His next appearance on a public platform after the Newcastle meeting was fixed for November 20th at Bristol, and opposition was promptly threatened, somewhat to the surprise of Professor F. W. Newman, who had been asked to take the chair.
"I do not read the papers daily" (the Professor wrote), "and was quite unaware that any animosity against Sir Charles Dilke existed among the Bristol Liberals. But I think it is high time that the Liberal party everywhere be pulled out of the grooves of routine, and that new men take the lead of it. I hope there will not be a mere noisy disturbance, but I will try to do my duty in any case."

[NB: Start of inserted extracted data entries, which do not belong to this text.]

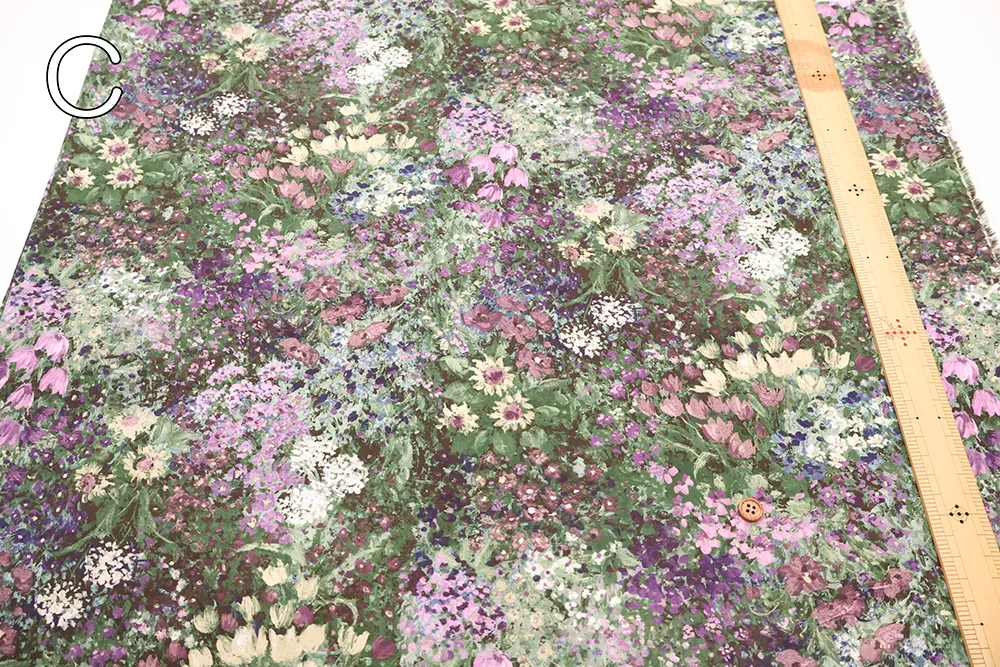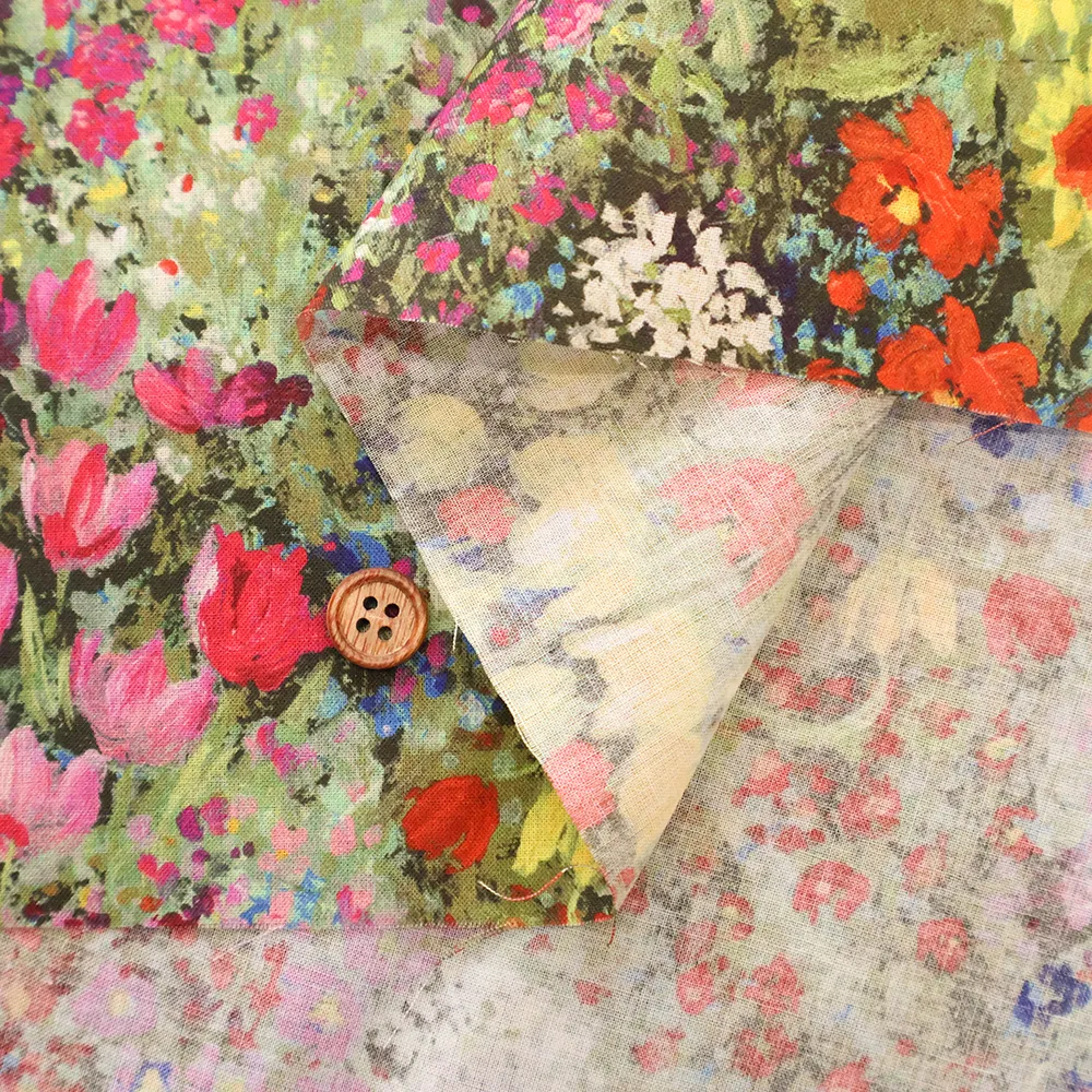 細番手の糸を平織りにしたローン生地に、鮮やかできれいな色合いが表現できるインクジェットプリントを使用した生地です。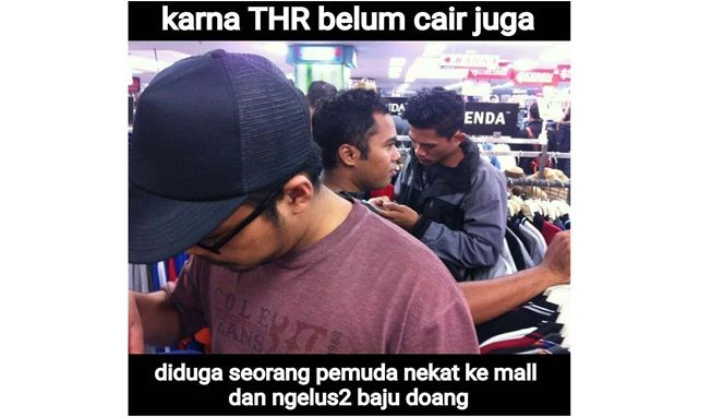 Seorang pria menerima THR dalam bentuk voucher belanja. Ketika dia pergi ke toko untuk menggunakan voucher tersebut, dia menyadari bahwa toko tersebut telah ditutup. Dia berkata, “Apakah ini maksudnya THR-nya adalah Take Home Ruined (Pulang dengan Harapan Hancur)?”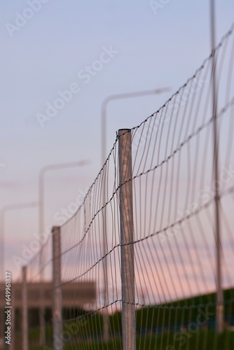 Ogrodzenie i latarnie na tle nieba. Druciany płot odgradza coś.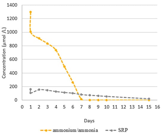 Aliquots (50–100 mL) were sampled daily for dissolved nutrients determination. Nitrate (NO3−), nitrite (NO2−), ammonium/ammonia (NH4+/NH3), soluble reactive phosphorus (SRP) and dissolved organic phosphorus (DOP) were analyzed from the supernatant after the immediate centrifugation (10 min, 5000 rpm) of the collected samples. We followed the procedures described by Parsons et al. [], and Ivančić and Degobbis [], including the appropriate dilutions of the samples to fit the range of spectrophotometric determinations using Shimadzu UV 1800 at the path length of 1 cm for each method. Dissolved inorganic nitrogen (DIN) concentration was calculated as the sum of NO3−, NO2− and NH4+/NH3 concentrations.

There was a noisy disturbance, but at Leeds on November 23rd the chairman of the meeting was Alderman Carter, a Radical member of Parliament, of considerable local influence, and an immense hall was packed by 5,000 supporters who secured the speaker from any interruption. Under these conditions, Sir Charles delivered a speech much better, in his own opinion, than the Newcastle discourse. As he put it many years later, the former was on the cost of the Crown, the second a defence of the right of free speech in the discussion of the cost of the Crown. [Footnote: Private letter to the Editor of Reynolds's Newspaper, June 23rd, 1894.]
A main part of his defence was devoted to one point on which throughout all this controversy he showed himself sensitive. "I care nothing," he said at Leeds, "for the ridiculous cry of 'treason,' but I do care a great deal for a charge of having used discourteous words towards the Queen;" and he went on to explain by citation of his speech that 'the malversation, if there was one,' had been charged, not against the Queen, but against the neglect of her Ministers. He added now that the "breach of the spirit of the Civil List Act," in allowing the savings to accumulate, was one for which neither the present Government nor the Opposition were responsible so much as their predecessors; and he made it doubly clear that, although he desired to see savings made for the public, his true objection to the office of Hereditary Grand Falconer and other sinecures was 'not on account of the money that they cost, but on account of the miserable political and moral tone which was set by their retention.' Asserting that the Duke of Edinburgh had been appointed to an independent naval command without the training which other officers would have undergone, he reverted to the ideal of the model State:
"To say these things is not to condemn the monarchy, because they are no necessary part of the monarchy, although the opposite idea—that of promotion by merit alone and of the non-recognition of any claims founded upon birth—is commonly accepted as republican. I care not whether you call it republican or whether you do not, but I say that it is the only principle upon which, if we are to keep our place among the nations, we can for the future act."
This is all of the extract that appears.